KKSSNews.com, Jakarta – Pengamat pertanian dari Aliansi Petani Bersatu, Deby Syahputra, meluruskan pernyataan Menteri Pertanian terkait kekuatan crude palm oil (CPO) Indonesia yang sempat disalahartikan.
Menurutnya, pernyataan Andi Amran Sulaiman bukanlah perbandingan langsung dengan Selat Hormuz, melainkan hanya ilustrasi untuk menggambarkan besarnya pengaruh Indonesia di pasar global.
“Pernyataan tersebut seharusnya dipahami sebagai ilustrasi mengenai posisi strategis Indonesia dalam perdagangan komoditas dunia, bukan disamakan secara literal,” ujar Deby di Jakarta, Rabu (1/4/2026).
Framing Dinilai Berpotensi Menyesatkan
Deby menilai narasi yang berkembang di publik terkait perbandingan CPO dengan Selat Hormuz merupakan framing yang tidak tepat.
Ia mengingatkan bahwa penyampaian informasi yang tidak utuh dapat menimbulkan kesalahpahaman dan persepsi keliru di masyarakat.
Menurutnya, konteks utama dari pernyataan Menteri Pertanian adalah menegaskan kekuatan Indonesia sebagai produsen dan eksportir utama minyak sawit dunia.
Indonesia Kuasai Lebih dari 60 Persen Pasar Global
Deby menjelaskan bahwa Indonesia saat ini menguasai lebih dari 60 persen ekspor CPO global.
Dominasi ini menjadikan Indonesia sebagai pemain kunci dalam rantai pasok internasional.
Dengan posisi tersebut, Indonesia memiliki daya tawar yang besar dalam memengaruhi stabilitas pasokan dan harga di pasar dunia.
“Dalam kondisi tertentu, jika pasokan terganggu, dampaknya akan dirasakan oleh banyak negara,” jelasnya.
Negara-negara seperti Jepang, Amerika Serikat, hingga kawasan Eropa diketahui sangat bergantung pada pasokan minyak sawit untuk berbagai kebutuhan industri.
Dampak Besar bagi Industri Global
Minyak sawit tidak hanya digunakan sebagai bahan pangan, tetapi juga menjadi komponen penting dalam berbagai sektor industri, seperti:
- Produk makanan olahan
- Industri oleokimia
- Kosmetik dan perawatan kulit
- Energi terbarukan
Karena itu, perubahan pasokan dari Indonesia berpotensi memengaruhi berbagai sektor industri secara global.
Hilirisasi Sawit Jadi Kunci Strategi
Deby menilai kekuatan besar tersebut harus dimanfaatkan secara optimal melalui kebijakan hilirisasi industri sawit.

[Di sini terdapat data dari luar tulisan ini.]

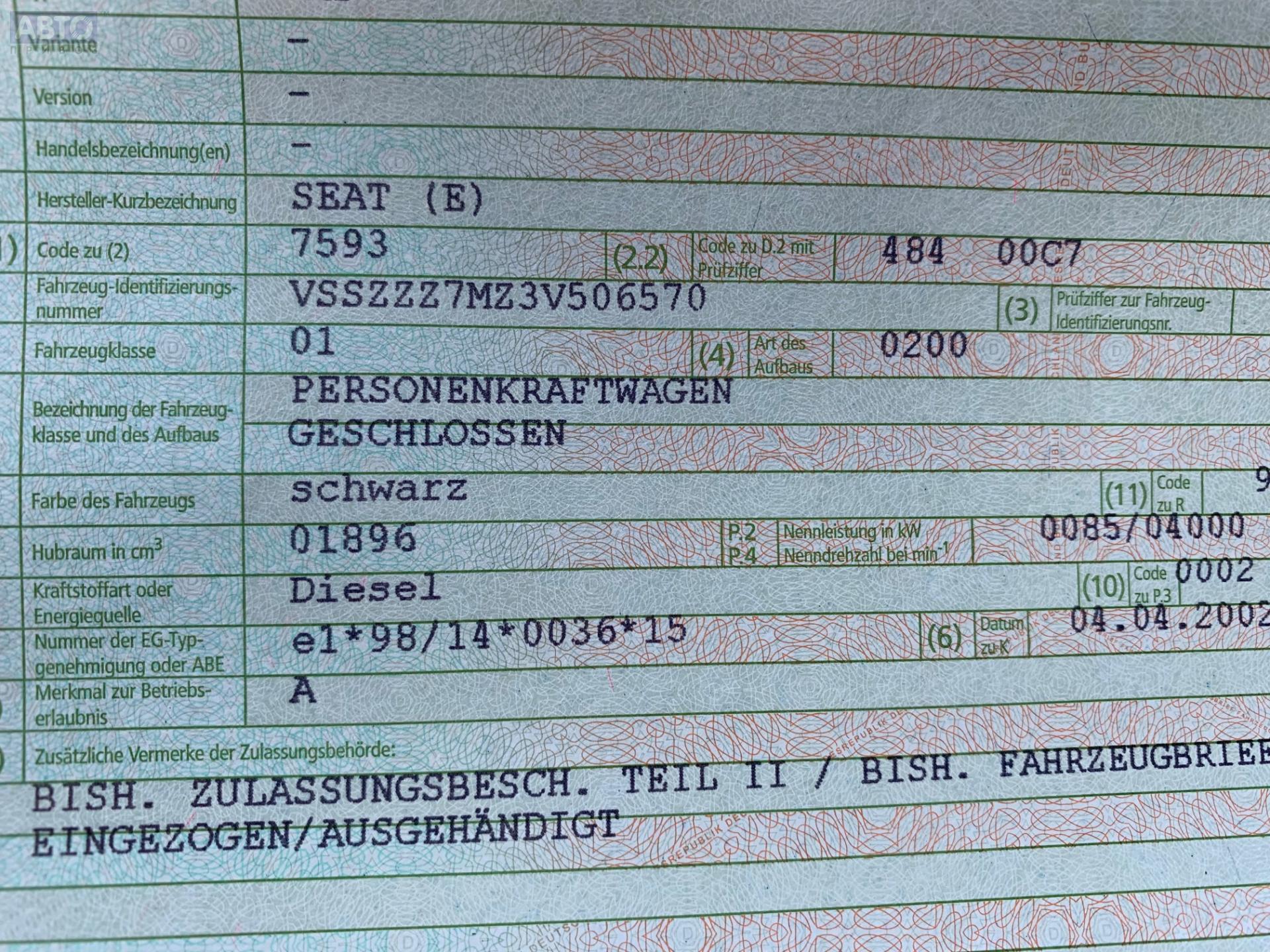 | Марка / Модель / Год: | Seat Alhambra (2000-2010) 2002 |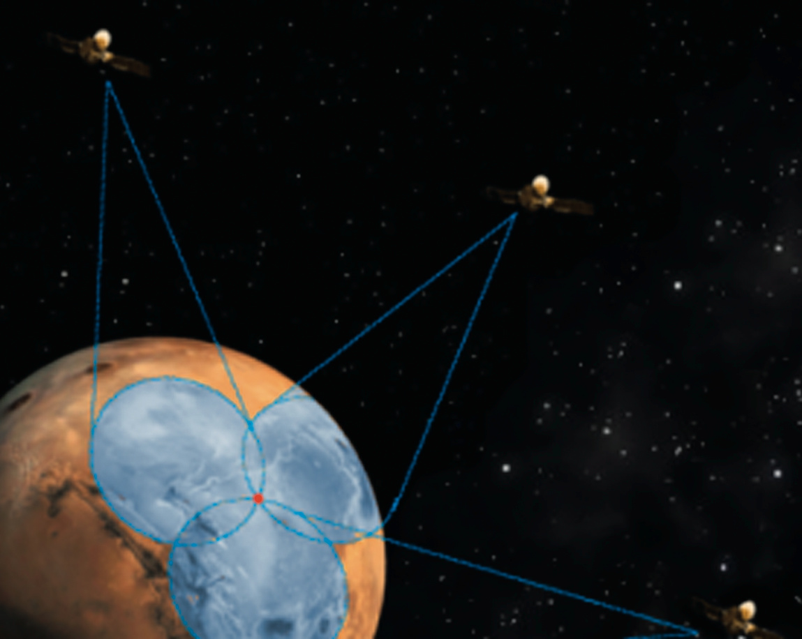 Drei Satelliten dienen der Ortsbestimmung, ein weiterer dem Zeitabgleich: Das Mars-GPS soll nach ähnlichen Prinzipien arbeiten wie GPS auf der Erde.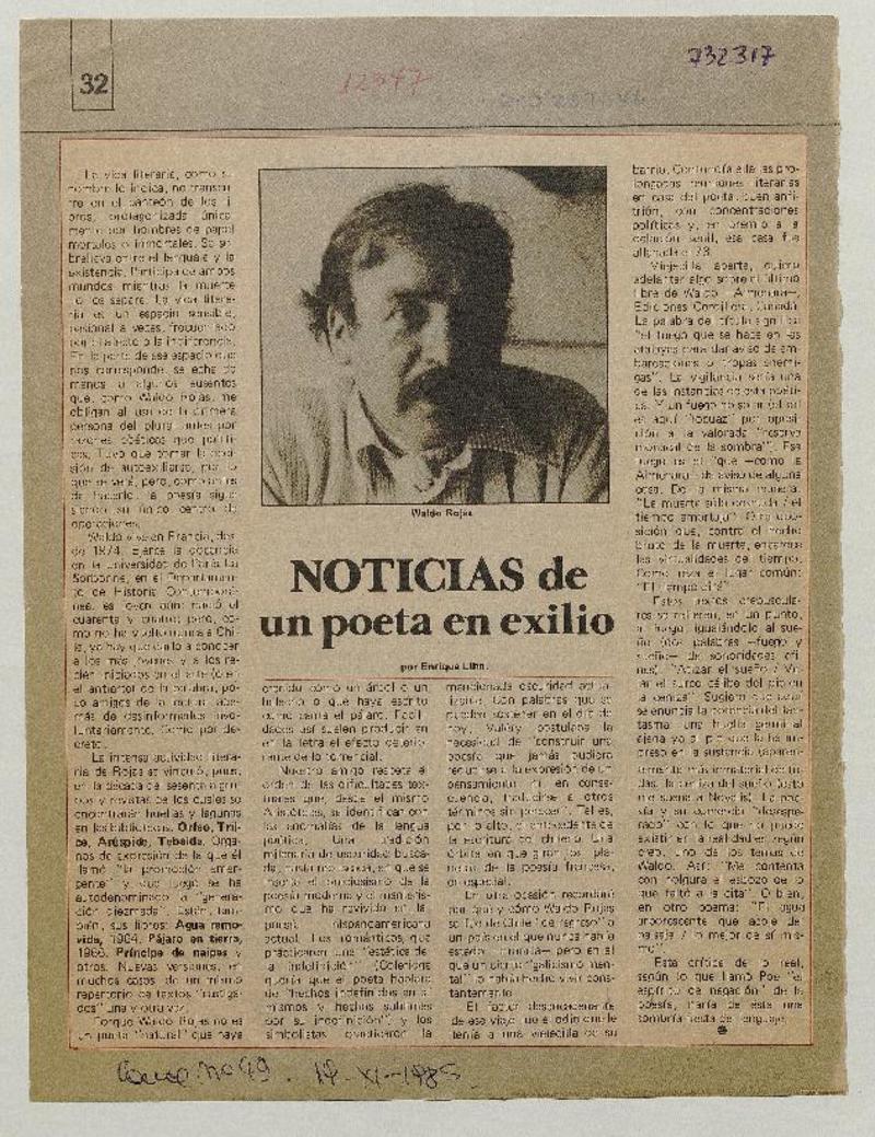 Noticias de un poeta en exilio [artículo] Enrique Lihn.

Dengan hilirisasi, CPO tidak hanya diekspor dalam bentuk mentah, tetapi diolah menjadi produk bernilai tambah tinggi, seperti margarin, bahan oleokimia, hingga produk kosmetik.
Langkah ini dinilai mampu meningkatkan nilai ekonomi sekaligus memperkuat posisi Indonesia dalam rantai industri global.
Sawit sebagai Aset Strategis Nasional
Sebelumnya, Andi Amran Sulaiman menegaskan bahwa dominasi Indonesia dalam komoditas kelapa sawit merupakan aset strategis nasional yang harus dikelola secara optimal.
Menurutnya, sektor sawit memiliki peran penting dalam:
- Memperkuat ketahanan ekonomi
- Mendorong industrialisasi berbasis sumber daya alam
- Meningkatkan kemandirian nasional
“Kekuatan sawit Indonesia sangat besar dan harus dimanfaatkan secara maksimal untuk mendukung perekonomian nasional,” ujarnya.
Perlu Strategi Komunikasi yang Tepat
Kasus ini juga menjadi pengingat pentingnya strategi komunikasi publik yang jelas dan kontekstual, terutama dalam isu strategis seperti energi dan komoditas global.
Dengan pemahaman yang tepat, potensi besar sektor sawit Indonesia dapat dilihat sebagai peluang untuk memperkuat posisi ekonomi nasional di tengah dinamika global.